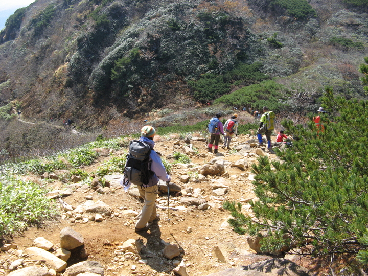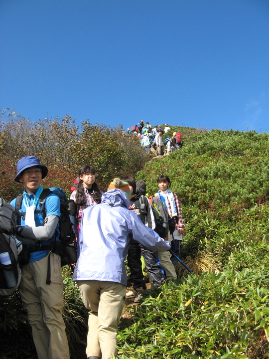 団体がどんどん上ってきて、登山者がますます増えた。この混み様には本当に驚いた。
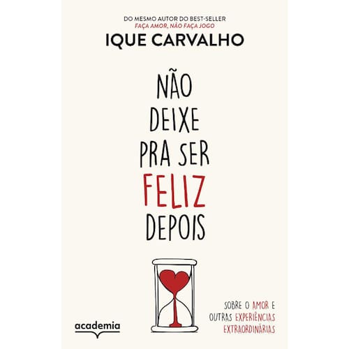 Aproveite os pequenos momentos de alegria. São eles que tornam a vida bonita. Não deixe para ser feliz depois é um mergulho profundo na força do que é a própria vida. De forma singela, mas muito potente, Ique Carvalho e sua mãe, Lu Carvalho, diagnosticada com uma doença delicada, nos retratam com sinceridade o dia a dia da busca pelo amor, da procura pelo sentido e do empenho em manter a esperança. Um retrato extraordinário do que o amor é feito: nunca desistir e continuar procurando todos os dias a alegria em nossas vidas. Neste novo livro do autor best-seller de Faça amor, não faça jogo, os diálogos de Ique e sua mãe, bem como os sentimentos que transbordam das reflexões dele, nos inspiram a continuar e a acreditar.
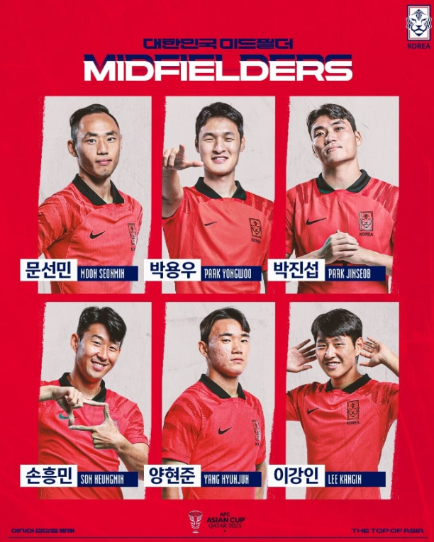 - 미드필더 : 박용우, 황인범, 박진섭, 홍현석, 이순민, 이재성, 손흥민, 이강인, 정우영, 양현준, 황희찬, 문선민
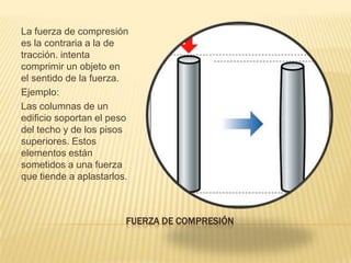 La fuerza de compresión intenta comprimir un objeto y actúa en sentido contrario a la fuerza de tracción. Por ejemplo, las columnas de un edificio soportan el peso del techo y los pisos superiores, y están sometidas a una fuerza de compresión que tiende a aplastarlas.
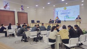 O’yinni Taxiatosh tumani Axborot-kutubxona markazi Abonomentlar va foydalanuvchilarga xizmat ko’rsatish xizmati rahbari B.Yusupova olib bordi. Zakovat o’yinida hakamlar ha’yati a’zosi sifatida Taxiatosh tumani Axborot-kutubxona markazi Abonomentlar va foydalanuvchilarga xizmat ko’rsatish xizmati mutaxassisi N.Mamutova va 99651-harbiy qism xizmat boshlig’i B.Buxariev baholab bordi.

▬▬▬▬▬▬▬▬▬▬

Task objective
Using the data above, copy exactly the lines from the one containing "양현준, 황희찬, 문선민" to the one containing "La fuerza de compresión", inclusive. Exclude the pictures.

Completed exercise
 - 미드필더 : 박용우, 황인범, 박진섭, 홍현석, 이순민, 이재성, 손흥민, 이강인, 정우영, 양현준, 황희찬, 문선민
 La fuerza de compresión intenta comprimir un objeto y actúa en sentido contrario a la fuerza de tracción. Por ejemplo, las columnas de un edificio soportan el peso del techo y los pisos superiores, y están sometidas a una fuerza de compresión que tiende a aplastarlas.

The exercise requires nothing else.